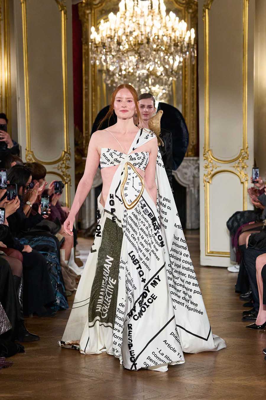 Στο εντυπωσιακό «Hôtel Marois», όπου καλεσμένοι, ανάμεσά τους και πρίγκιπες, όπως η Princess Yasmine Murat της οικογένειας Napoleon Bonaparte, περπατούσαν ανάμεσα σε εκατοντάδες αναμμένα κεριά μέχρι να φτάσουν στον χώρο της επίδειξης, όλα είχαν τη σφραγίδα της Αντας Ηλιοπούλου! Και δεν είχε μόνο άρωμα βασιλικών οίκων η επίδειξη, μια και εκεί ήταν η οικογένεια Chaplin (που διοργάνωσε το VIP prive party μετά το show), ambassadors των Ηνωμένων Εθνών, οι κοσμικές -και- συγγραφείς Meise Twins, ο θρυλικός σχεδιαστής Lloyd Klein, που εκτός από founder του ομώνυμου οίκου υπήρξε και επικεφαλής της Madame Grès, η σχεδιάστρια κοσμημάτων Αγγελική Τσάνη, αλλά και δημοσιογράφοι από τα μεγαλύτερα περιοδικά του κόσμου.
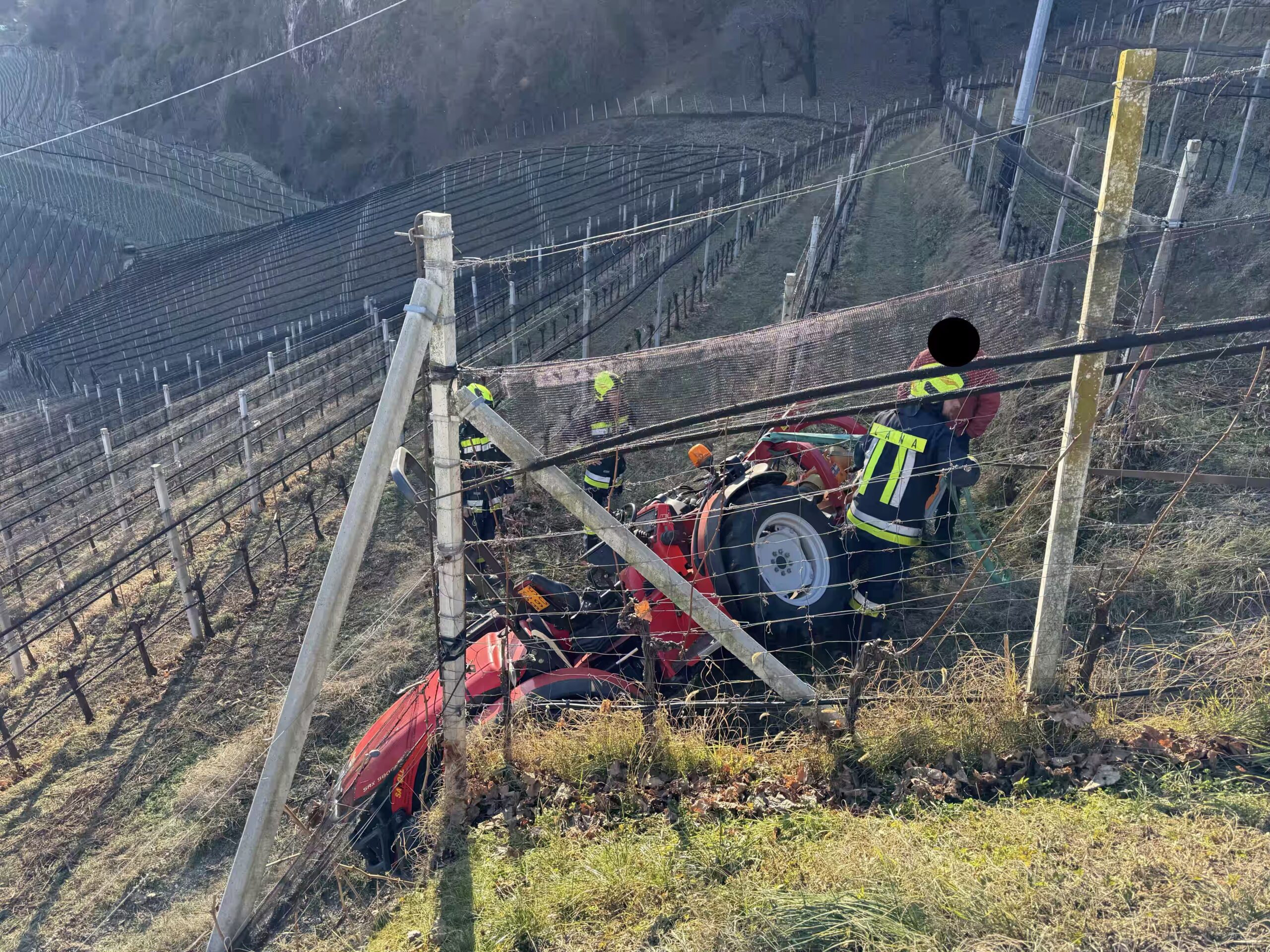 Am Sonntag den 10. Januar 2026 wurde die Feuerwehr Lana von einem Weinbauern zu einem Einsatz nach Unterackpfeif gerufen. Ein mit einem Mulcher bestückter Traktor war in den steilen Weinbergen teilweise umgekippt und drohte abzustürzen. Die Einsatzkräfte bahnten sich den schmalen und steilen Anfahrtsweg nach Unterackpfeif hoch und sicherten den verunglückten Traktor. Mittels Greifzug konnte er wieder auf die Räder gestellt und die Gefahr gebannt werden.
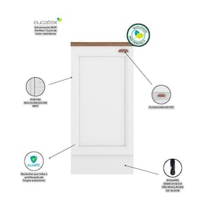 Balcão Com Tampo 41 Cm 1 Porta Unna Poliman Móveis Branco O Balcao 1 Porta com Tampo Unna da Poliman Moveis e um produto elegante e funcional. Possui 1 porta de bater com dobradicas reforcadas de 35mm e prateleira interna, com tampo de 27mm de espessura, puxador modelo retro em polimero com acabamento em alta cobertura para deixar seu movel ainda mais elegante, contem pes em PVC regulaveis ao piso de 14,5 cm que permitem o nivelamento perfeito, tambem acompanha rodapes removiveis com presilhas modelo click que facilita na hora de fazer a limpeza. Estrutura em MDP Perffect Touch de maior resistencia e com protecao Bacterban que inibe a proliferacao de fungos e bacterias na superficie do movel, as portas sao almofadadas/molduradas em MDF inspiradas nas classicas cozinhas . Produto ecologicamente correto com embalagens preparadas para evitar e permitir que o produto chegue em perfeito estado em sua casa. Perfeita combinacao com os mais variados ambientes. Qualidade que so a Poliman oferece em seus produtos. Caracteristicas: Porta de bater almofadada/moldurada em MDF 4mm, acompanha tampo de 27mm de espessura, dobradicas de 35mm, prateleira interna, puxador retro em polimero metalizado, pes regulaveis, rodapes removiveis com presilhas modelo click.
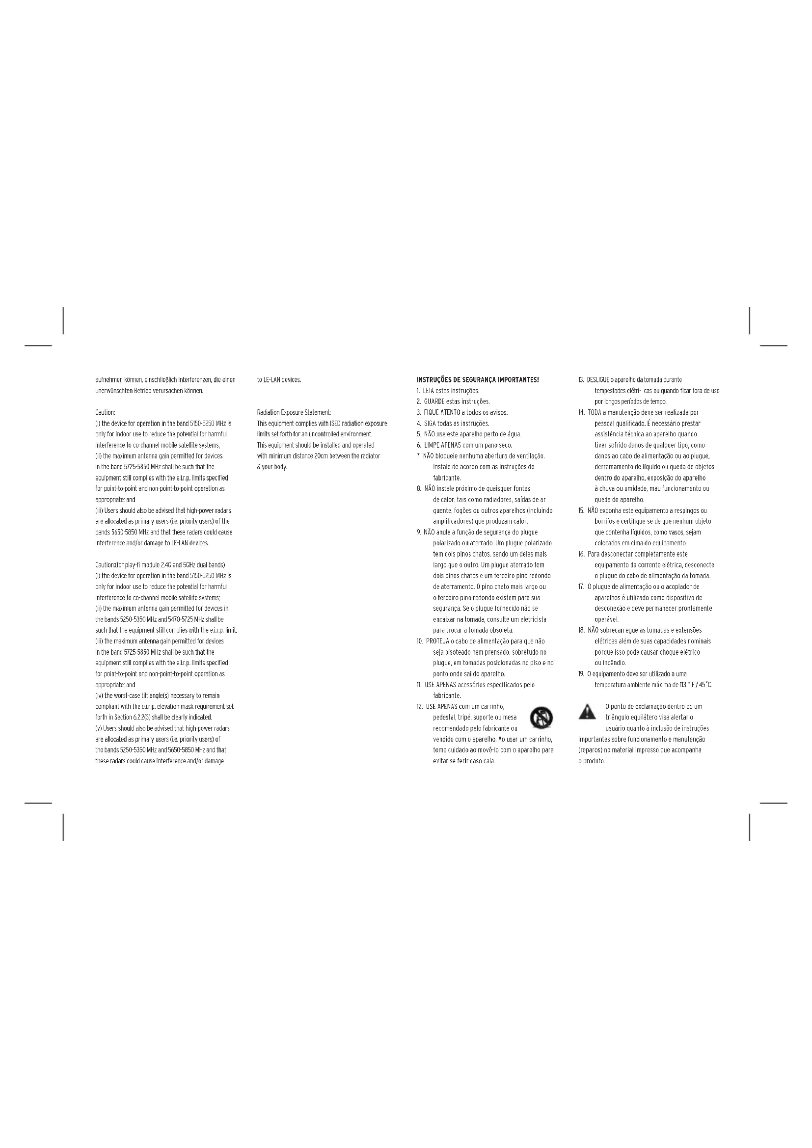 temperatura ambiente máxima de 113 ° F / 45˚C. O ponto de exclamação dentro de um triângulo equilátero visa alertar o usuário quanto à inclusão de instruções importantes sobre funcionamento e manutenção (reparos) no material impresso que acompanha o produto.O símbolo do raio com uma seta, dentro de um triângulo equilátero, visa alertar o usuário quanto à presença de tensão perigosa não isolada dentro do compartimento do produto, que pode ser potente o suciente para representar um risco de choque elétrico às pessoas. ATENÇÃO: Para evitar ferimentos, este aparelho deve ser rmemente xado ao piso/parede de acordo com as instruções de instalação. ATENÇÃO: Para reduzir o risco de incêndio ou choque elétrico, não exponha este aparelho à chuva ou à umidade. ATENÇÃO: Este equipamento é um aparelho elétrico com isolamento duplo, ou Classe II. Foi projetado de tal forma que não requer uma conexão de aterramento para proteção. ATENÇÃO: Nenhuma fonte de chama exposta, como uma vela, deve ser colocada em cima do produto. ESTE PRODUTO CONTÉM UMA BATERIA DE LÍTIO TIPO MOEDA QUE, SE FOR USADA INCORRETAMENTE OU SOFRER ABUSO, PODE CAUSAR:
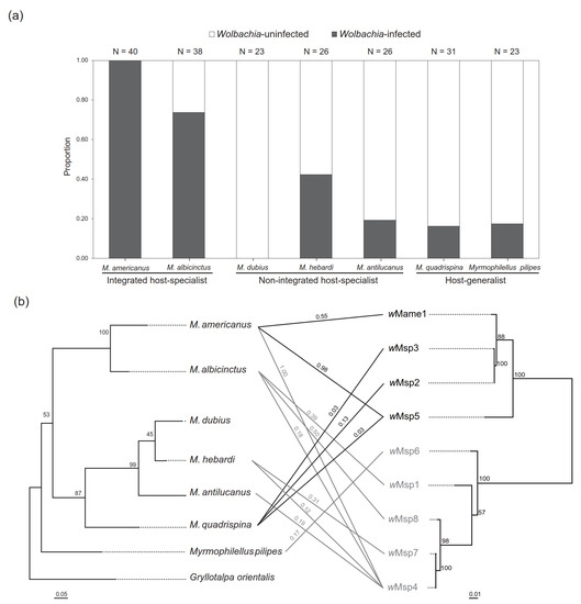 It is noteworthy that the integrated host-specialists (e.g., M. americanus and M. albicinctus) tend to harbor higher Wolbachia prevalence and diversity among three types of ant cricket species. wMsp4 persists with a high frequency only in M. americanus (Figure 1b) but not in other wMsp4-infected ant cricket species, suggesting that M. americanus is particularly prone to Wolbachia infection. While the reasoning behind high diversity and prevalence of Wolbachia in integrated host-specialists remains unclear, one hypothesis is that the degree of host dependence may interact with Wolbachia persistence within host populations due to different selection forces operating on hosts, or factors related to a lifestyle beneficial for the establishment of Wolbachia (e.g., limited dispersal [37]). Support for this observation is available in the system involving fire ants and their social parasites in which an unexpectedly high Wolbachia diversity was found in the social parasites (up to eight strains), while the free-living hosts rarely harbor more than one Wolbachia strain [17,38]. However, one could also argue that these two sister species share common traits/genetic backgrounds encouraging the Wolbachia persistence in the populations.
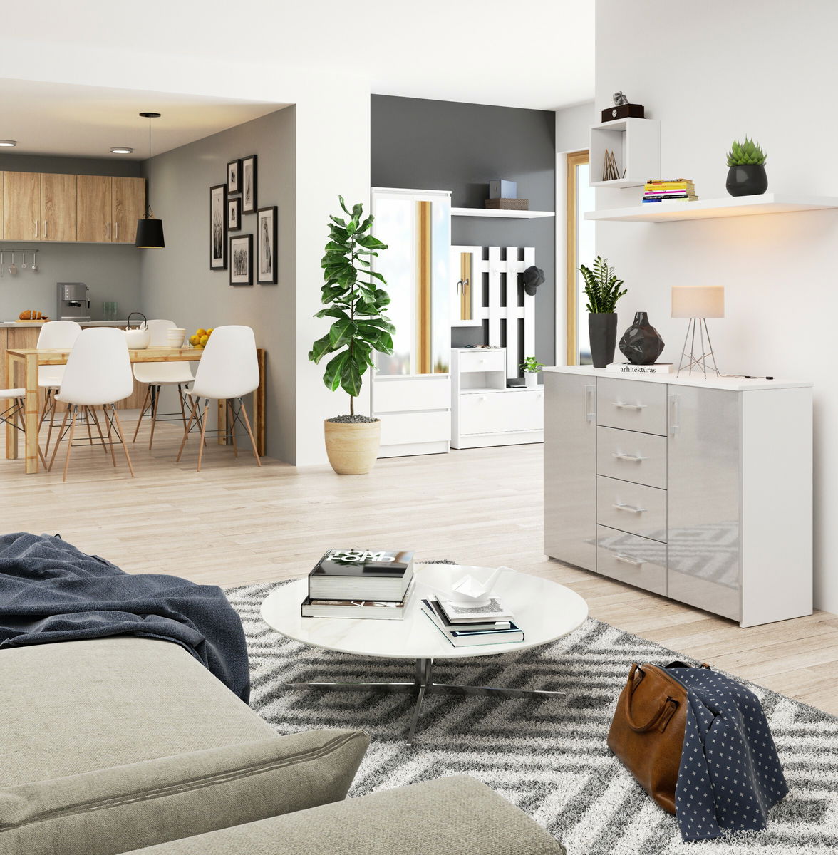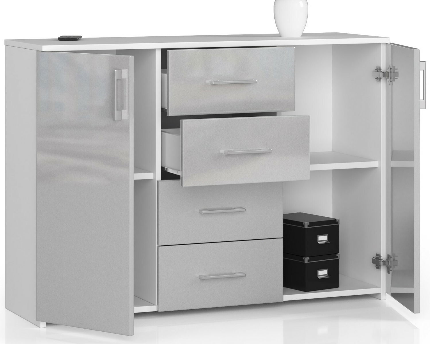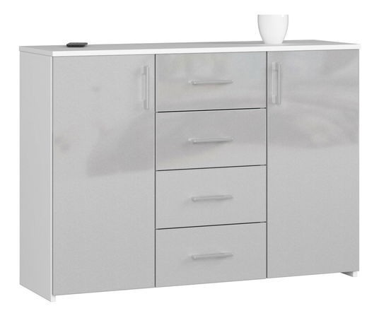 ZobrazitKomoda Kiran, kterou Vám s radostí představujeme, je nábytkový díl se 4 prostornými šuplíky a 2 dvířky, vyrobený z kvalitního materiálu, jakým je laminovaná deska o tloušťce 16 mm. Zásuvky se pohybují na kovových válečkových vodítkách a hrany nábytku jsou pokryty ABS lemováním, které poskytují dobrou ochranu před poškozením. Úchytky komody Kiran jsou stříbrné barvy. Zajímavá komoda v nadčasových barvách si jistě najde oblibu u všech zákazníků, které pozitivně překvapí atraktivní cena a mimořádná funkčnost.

----------

## Your assignment
All entries above should be printed exactly, though without their pictures.

## Result
 Στο εντυπωσιακό «Hôtel Marois», όπου καλεσμένοι, ανάμεσά τους και πρίγκιπες, όπως η Princess Yasmine Murat της οικογένειας Napoleon Bonaparte, περπατούσαν ανάμεσα σε εκατοντάδες αναμμένα κεριά μέχρι να φτάσουν στον χώρο της επίδειξης, όλα είχαν τη σφραγίδα της Αντας Ηλιοπούλου! Και δεν είχε μόνο άρωμα βασιλικών οίκων η επίδειξη, μια και εκεί ήταν η οικογένεια Chaplin (που διοργάνωσε το VIP prive party μετά το show), ambassadors των Ηνωμένων Εθνών, οι κοσμικές -και- συγγραφείς Meise Twins, ο θρυλικός σχεδιαστής Lloyd Klein, που εκτός από founder του ομώνυμου οίκου υπήρξε και επικεφαλής της Madame Grès, η σχεδιάστρια κοσμημάτων Αγγελική Τσάνη, αλλά και δημοσιογράφοι από τα μεγαλύτερα περιοδικά του κόσμου.
 Am Sonntag den 10. Januar 2026 wurde die Feuerwehr Lana von einem Weinbauern zu einem Einsatz nach Unterackpfeif gerufen. Ein mit einem Mulcher bestückter Traktor war in den steilen Weinbergen teilweise umgekippt und drohte abzustürzen. Die Einsatzkräfte bahnten sich den schmalen und steilen Anfahrtsweg nach Unterackpfeif hoch und sicherten den verunglückten Traktor. Mittels Greifzug konnte er wieder auf die Räder gestellt und die Gefahr gebannt werden.
 Balcão Com Tampo 41 Cm 1 Porta Unna Poliman Móveis Branco O Balcao 1 Porta com Tampo Unna da Poliman Moveis e um produto elegante e funcional. Possui 1 porta de bater com dobradicas reforcadas de 35mm e prateleira interna, com tampo de 27mm de espessura, puxador modelo retro em polimero com acabamento em alta cobertura para deixar seu movel ainda mais elegante, contem pes em PVC regulaveis ao piso de 14,5 cm que permitem o nivelamento perfeito, tambem acompanha rodapes removiveis com presilhas modelo click que facilita na hora de fazer a limpeza. Estrutura em MDP Perffect Touch de maior resistencia e com protecao Bacterban que inibe a proliferacao de fungos e bacterias na superficie do movel, as portas sao almofadadas/molduradas em MDF inspiradas nas classicas cozinhas . Produto ecologicamente correto com embalagens preparadas para evitar e permitir que o produto chegue em perfeito estado em sua casa. Perfeita combinacao com os mais variados ambientes. Qualidade que so a Poliman oferece em seus produtos. Caracteristicas: Porta de bater almofadada/moldurada em MDF 4mm, acompanha tampo de 27mm de espessura, dobradicas de 35mm, prateleira interna, puxador retro em polimero metalizado, pes regulaveis, rodapes removiveis com presilhas modelo click.
 temperatura ambiente máxima de 113 ° F / 45˚C. O ponto de exclamação dentro de um triângulo equilátero visa alertar o usuário quanto à inclusão de instruções importantes sobre funcionamento e manutenção (reparos) no material impresso que acompanha o produto.O símbolo do raio com uma seta, dentro de um triângulo equilátero, visa alertar o usuário quanto à presença de tensão perigosa não isolada dentro do compartimento do produto, que pode ser potente o suciente para representar um risco de choque elétrico às pessoas. ATENÇÃO: Para evitar ferimentos, este aparelho deve ser rmemente xado ao piso/parede de acordo com as instruções de instalação. ATENÇÃO: Para reduzir o risco de incêndio ou choque elétrico, não exponha este aparelho à chuva ou à umidade. ATENÇÃO: Este equipamento é um aparelho elétrico com isolamento duplo, ou Classe II. Foi projetado de tal forma que não requer uma conexão de aterramento para proteção. ATENÇÃO: Nenhuma fonte de chama exposta, como uma vela, deve ser colocada em cima do produto. ESTE PRODUTO CONTÉM UMA BATERIA DE LÍTIO TIPO MOEDA QUE, SE FOR USADA INCORRETAMENTE OU SOFRER ABUSO, PODE CAUSAR:
 It is noteworthy that the integrated host-specialists (e.g., M. americanus and M. albicinctus) tend to harbor higher Wolbachia prevalence and diversity among three types of ant cricket species. wMsp4 persists with a high frequency only in M. americanus (Figure 1b) but not in other wMsp4-infected ant cricket species, suggesting that M. americanus is particularly prone to Wolbachia infection. While the reasoning behind high diversity and prevalence of Wolbachia in integrated host-specialists remains unclear, one hypothesis is that the degree of host dependence may interact with Wolbachia persistence within host populations due to different selection forces operating on hosts, or factors related to a lifestyle beneficial for the establishment of Wolbachia (e.g., limited dispersal [37]). Support for this observation is available in the system involving fire ants and their social parasites in which an unexpectedly high Wolbachia diversity was found in the social parasites (up to eight strains), while the free-living hosts rarely harbor more than one Wolbachia strain [17,38]. However, one could also argue that these two sister species share common traits/genetic backgrounds encouraging the Wolbachia persistence in the populations.
 ZobrazitKomoda Kiran, kterou Vám s radostí představujeme, je nábytkový díl se 4 prostornými šuplíky a 2 dvířky, vyrobený z kvalitního materiálu, jakým je laminovaná deska o tloušťce 16 mm. Zásuvky se pohybují na kovových válečkových vodítkách a hrany nábytku jsou pokryty ABS lemováním, které poskytují dobrou ochranu před poškozením. Úchytky komody Kiran jsou stříbrné barvy. Zajímavá komoda v nadčasových barvách si jistě najde oblibu u všech zákazníků, které pozitivně překvapí atraktivní cena a mimořádná funkčnost.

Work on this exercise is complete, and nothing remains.